A critical vulnerability in Ubuntu’s Linux kernel has been disclosed that allows local attackers to escalate privileges and potentially obtain root access on vulnerable systems.

Revealed at TyphoonPWN 2025, the flaw is caused by a reference count imbalance in the af_unix subsystem and results in a use-after-free (UAF) condition; researchers demonstrated the issue with a complete proof-of-concept exploit.

The bug affects Ubuntu 24.04.2 running the 6.8.0-60-generic kernel, underscoring persistent challenges around backporting and patch consistency in distro kernels. The underlying problem stems from Ubuntu’s partial application of upstream kernel fixes for af_unix reference-counting errors — specifically, Ubuntu applied changes to af_unix.c but did not update garbage.c correspondingly.

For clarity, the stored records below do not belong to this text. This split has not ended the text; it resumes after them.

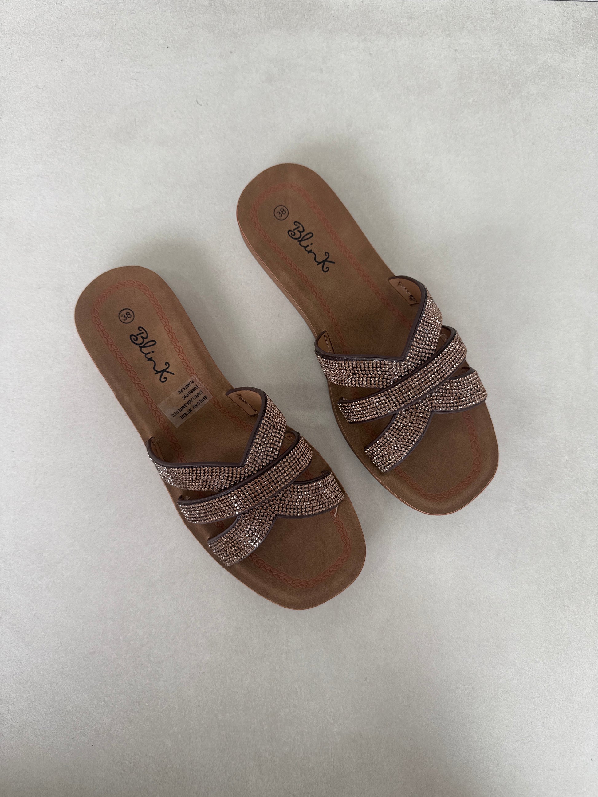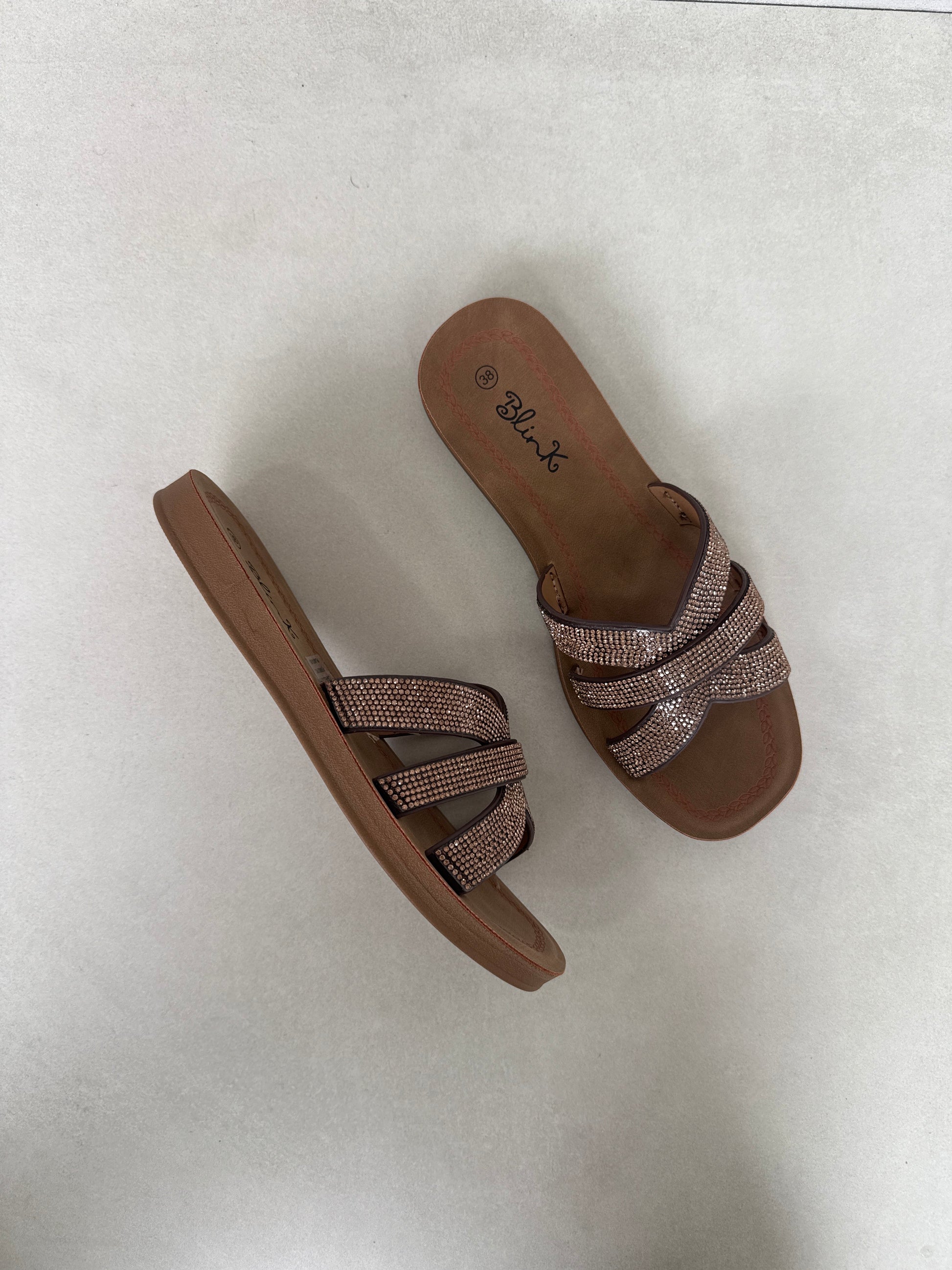 Estas sandalias marrones con tiras cruzadas decoradas en brillo aportan un toque sofisticado a un diseño cómodo y versátil. Ideales para los días cálidos, ofrecen una sensación ligera y una apariencia refinada que combina con cualquier atuendo casual o veraniego.
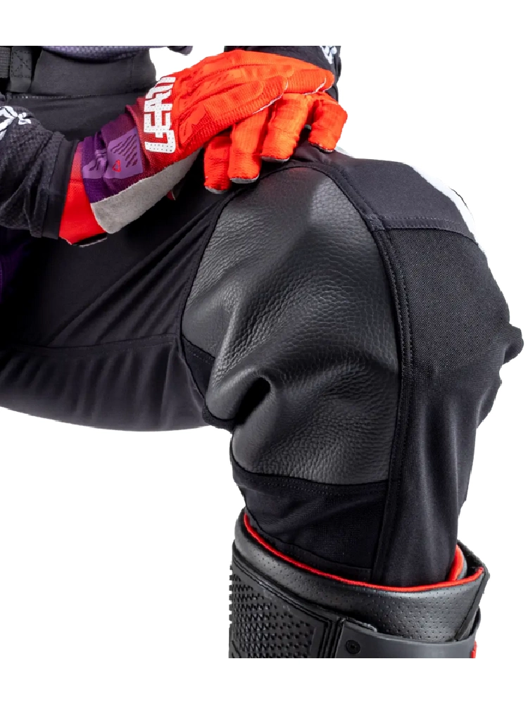 Spodnie Leatt Moto 4.5 to nowa, ulepszona wersja cenionego modelu, zaprojektowana z myślą o wymagających miłośnikach enduro i motocrossu. Aż 70% konstrukcji wykonano z elastycznego i niezwykle wytrzymałego materiału Twisted Yarn Stretch, co zapewnia swobodę ruchów oraz odporność na uszkodzenia. Wielowarstwowe panele skórzane umieszczone po wewnętrznej stronie łydek chronią przed wysoką temperaturą silnika i przetarciami, a elastyczne wstawki 900D dodatkowo zwiększają trwałość. Spodnie wyposażono w powłokę odporną na zabrudzenia, dzięki czemu łatwiej utrzymać je w czystości nawet w trudnych warunkach terenowych. System 360° Hypalon Waistlock skutecznie stabilizuje pas, zapobiegając przesuwaniu się odzieży w trakcie jazdy. O bezpieczeństwo dba także wzmocniona konstrukcja kolan 1200D, a zamek YKK z półautomatycznym blokowaniem gwarantuje pewne zapięcie. Dla jeszcze lepszej wentylacji spodnie wyposażono w laserowo wycinane perforowane wstawki, które poprawiają przepływ powietrza. Brak podszewki zapewnia lepsze dopasowanie i oddychalność, co czyni model Moto 4.5 świetnym wyborem na wymagające trasy.
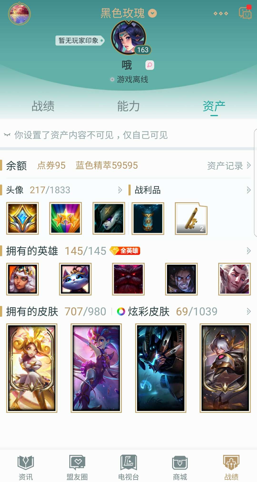 首页 > 租号大厅 > 英雄联盟 > 黑色玫瑰/黑色玫瑰 > 黑色玫瑰全英雄,707皮肤。电玩女神,冰雪节情人节,泳池派对,至臻vn拉克丝女警刀妹妮蔻,龙虾龙刀龙猴,各种…
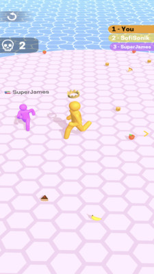 抢食物大作战游戏是一款采用3D立体风格的竞技类游戏,游戏以各种不同颜色的橡皮人为角色,玩家需要操控代表自己的橡皮人在地图中来收集各种不同的食物,从而增加自己的体积。在搜寻的过程中玩家还需要注意躲避比自己体积大的其他玩家,避免被其他玩家消灭。

af_unix domain sockets provide inter-process communication and include mechanisms for sending file descriptors between processes. Upstream kernel work replaced the old circular-reference garbage collection with a new approach and altered how out-of-band (OOB) socket buffer (skb) references are managed. In upstream patches, the skb_get() call was removed from queue_oob in af_unix.c to prevent unnecessary increments to u->oob_skb, and corresponding garbage-collection logic was adjusted to match. Ubuntu’s kernel retained the legacy garbage collector while only applying the af_unix.c edit, creating a mismatch: oob_skb can be allocated with a single reference but then decremented twice — once by kfree_skb in unix_gc and again by unix_release_sock during socket teardown — producing a UAF on the 256-byte sk_buff object allocated from skbuff_head_cache.

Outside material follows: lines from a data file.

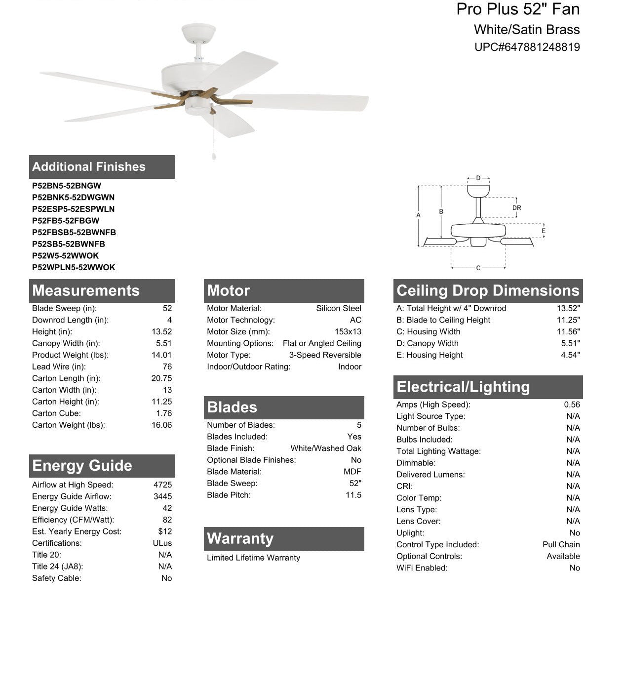 The ideal combination of excellent performance, exceptional value and timeless style, the Craftmade Pro Plus 52" ceiling fan featuring a clean motor, updated straight blade arms and canopy is built for performance. The dual mount, 3-speed, reversible fan includes custom 52" reversible blades. Optional light kits and remote controls are available(Sold Separately).
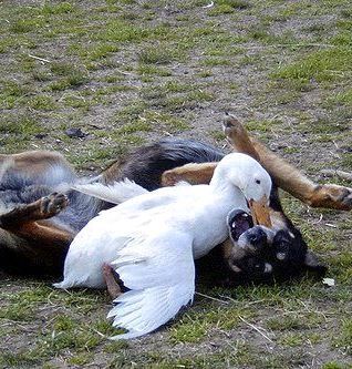 In the image, a goose appears to be interacting intensely with a dog lying on the grass. At first glance, the scene may look aggressive or chaotic, but it may actually reflect a form of instinctive response.
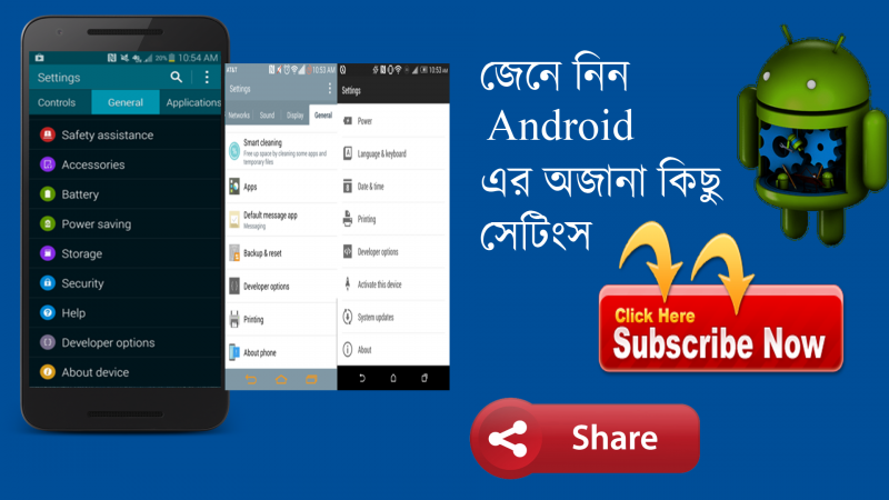 বন্ধু সবাই কেমন আছেন ? আশা করি সবাই ভাল আছেন। আজ আপনাদের জন্য নিয়ে আসলাম এমন একটা টিপস। যা আগে হয়ত অনেকে দেখে ও দেখেননি। আর যারা জানেন তারা আমার ভুল হলে ক্ষমা দৃষ্টিতে দেখবেন। আমরা অনেকেই android phone ব্যভার করি কিন্তু কয়জন phone তাঁর সম্পর্কে ভাল জানি বলেনত? video টা তৈরি করা হয়েছে setting's নিয়ে।
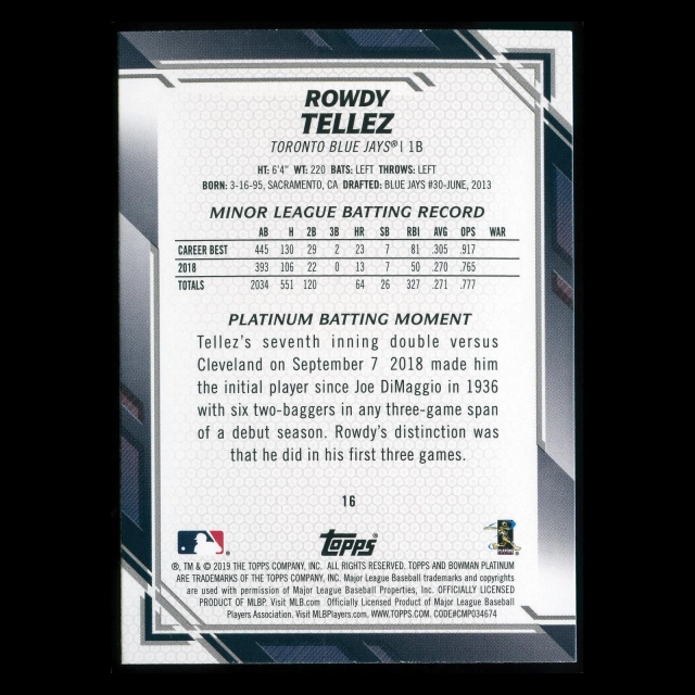 Rowdy Tellez RC 2019 Bowman Platinum Rookie Blue Jays
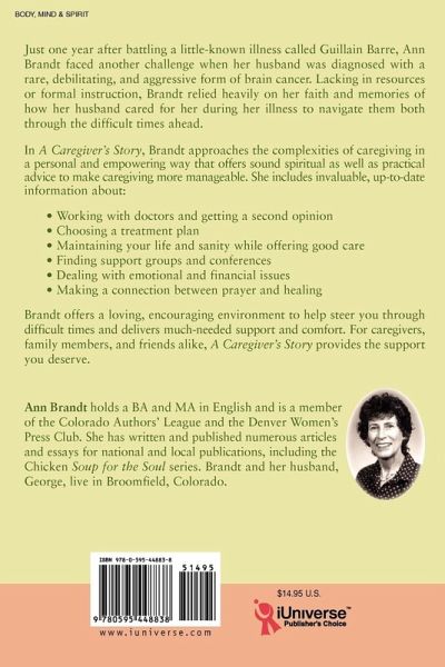 "One caregiver's chronicles of the journey she took with her husband, as they battled his brain tumor. Beautifully written."-Naomi Berkowitz, Executive Director, American Brain Tumor Association Just one year after battling a little-known illness called Guillain Barre, Ann Brandt faced another challenge when her husband was diagnosed with a rare, debilitating, and aggressive form of brain cancer. Lacking in resources or formal instruction, Brandt relied heavily on her faith and memories of how her husband cared for her during her illness to navigate them both through the difficult times ahead. In A Caregiver's Story, Brandt approaches the complexities of caregiving in a personal and empowering way that offers sound spiritual as well as practical advice to make caregiving more manageable. She includes invaluable, up-to-date information about: Working with doctors and getting a second opinion Choosing a treatment plan Maintaining your life and sanity while offering good care Finding support groups and conferences Dealing with emotional and financial issues Making a connection between prayer and healing Brandt offers a loving, encouraging environment to help steer you through difficult times and delivers much-needed support and comfort. For caregivers, family members, and friends alike, A Caregiver's Story provides the support you deserve.
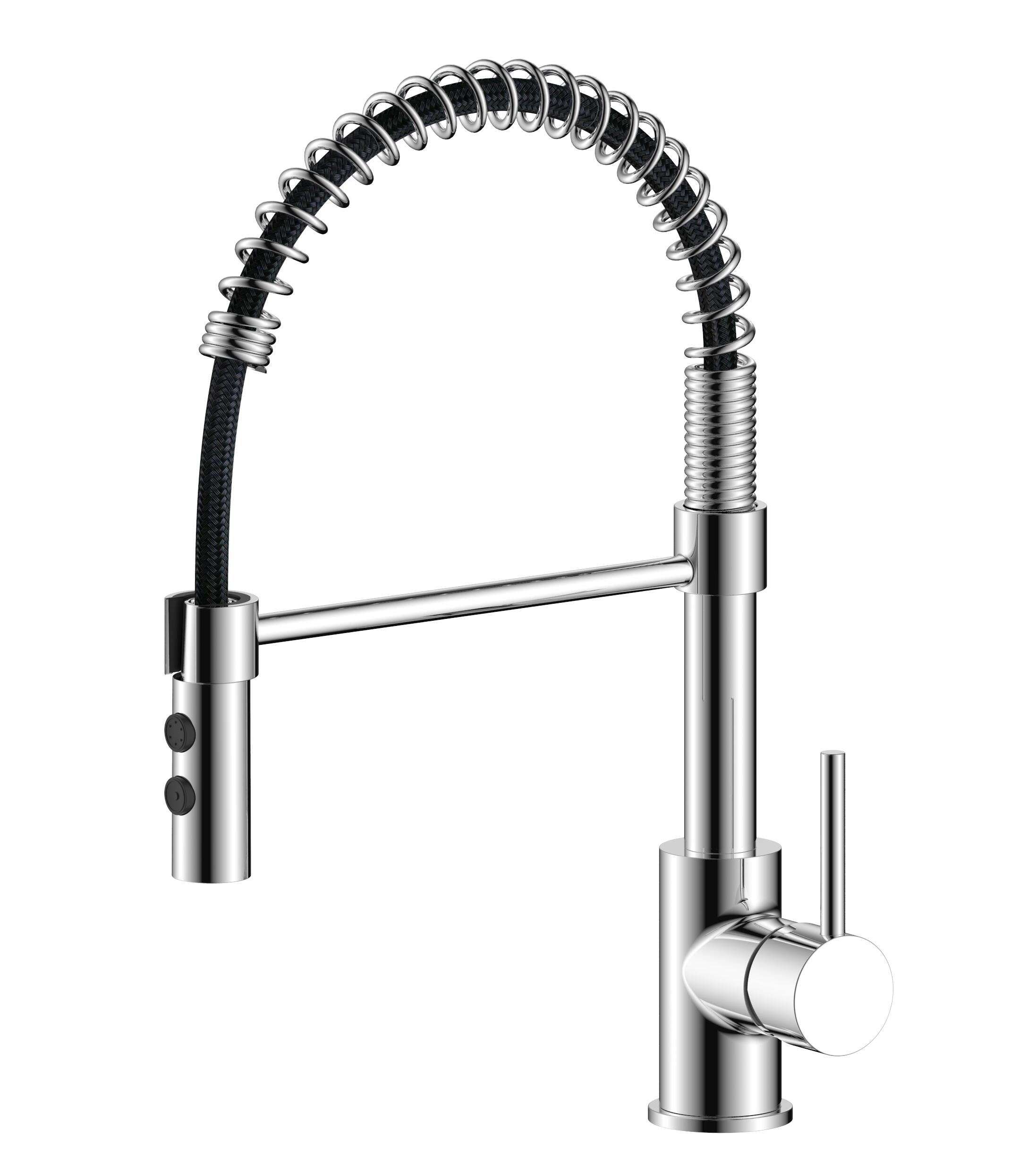 mixer tap with spring neck and dual-jet shower head

SSD Disclosure observed that while either function could free the object, practical exploitation reliably sees unix_gc free the skb followed by a use in unix_release_sock.

The exploit requires separating the free and later use to be reliable. The researchers achieved this by forcing garbage collection immediately after socket closure through a high unix_tot_inflight count (exceeding ~16,000) during a subsequent sendmsg, which triggers wait_for_unix_gc. To maintain the timing window before unix_release_sock executes as a TWA_RESUME work item, the exploit intentionally pauses kernel execution via a FUSE-backed mmap buffer inside skb_copy_datagram_from_iter, making a kernel thread sleep for several seconds using a custom FUSE_read handler.

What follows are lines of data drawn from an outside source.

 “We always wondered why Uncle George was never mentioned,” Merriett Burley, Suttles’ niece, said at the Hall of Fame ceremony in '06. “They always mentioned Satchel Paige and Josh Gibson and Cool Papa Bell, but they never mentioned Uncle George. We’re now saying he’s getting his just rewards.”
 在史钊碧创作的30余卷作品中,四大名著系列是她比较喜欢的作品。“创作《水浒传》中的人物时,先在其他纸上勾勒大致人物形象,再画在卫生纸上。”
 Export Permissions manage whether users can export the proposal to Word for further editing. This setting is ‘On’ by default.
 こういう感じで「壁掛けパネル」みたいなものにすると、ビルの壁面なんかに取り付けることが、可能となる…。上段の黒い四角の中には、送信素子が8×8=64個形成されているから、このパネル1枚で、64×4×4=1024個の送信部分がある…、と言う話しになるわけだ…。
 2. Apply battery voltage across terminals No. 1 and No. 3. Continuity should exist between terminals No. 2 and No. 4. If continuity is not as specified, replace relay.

A cross-cache technique was used to free and then reallocate the slab page with attacker-controlled pg_vec structures sprayed via packet sockets on the loopback interface. Overwriting the freed skb allowed control of its destructor in skb_release_head_state, enabling hijack of RIP and RDI registers. The exploit defeats KASLR using a prefetch side-channel variant of Entrybleed — applying statistical timing analysis on systems without KPTI — achieving a reliable kernel address leak. Final privilege escalation is achieved by building ROP chains that overwrite modprobe_path to point at “/tmp/x,” a script that, when invoked by usermodehelper, grants root access.

The PoC is a sophisticated C exploit that compiles along with helper utilities and FUSE components, demonstrating full escalation including KASLR disclosure, slab spraying, and payload execution. It earned first place in TyphoonPWN 2025’s Linux category and credited the researcher for deep kernel-internals analysis.

Mitigation

Canonical responded on September 18, 2025, releasing an updated kernel that incorporates the complete upstream fixes to restore balanced refcount handling across the affected files. Users running the vulnerable release should update immediately using apt (e.g., apt upgrade linux-generic) and confirm they are on kernel 6.8.0-61 or later.

This incident highlights the dangers of selective backporting in distribution kernels and reinforces the need for administrators to closely follow security advisories. Although there have been no reports of widespread exploitation, the public availability of a PoC raises the priority for patching in enterprise environments.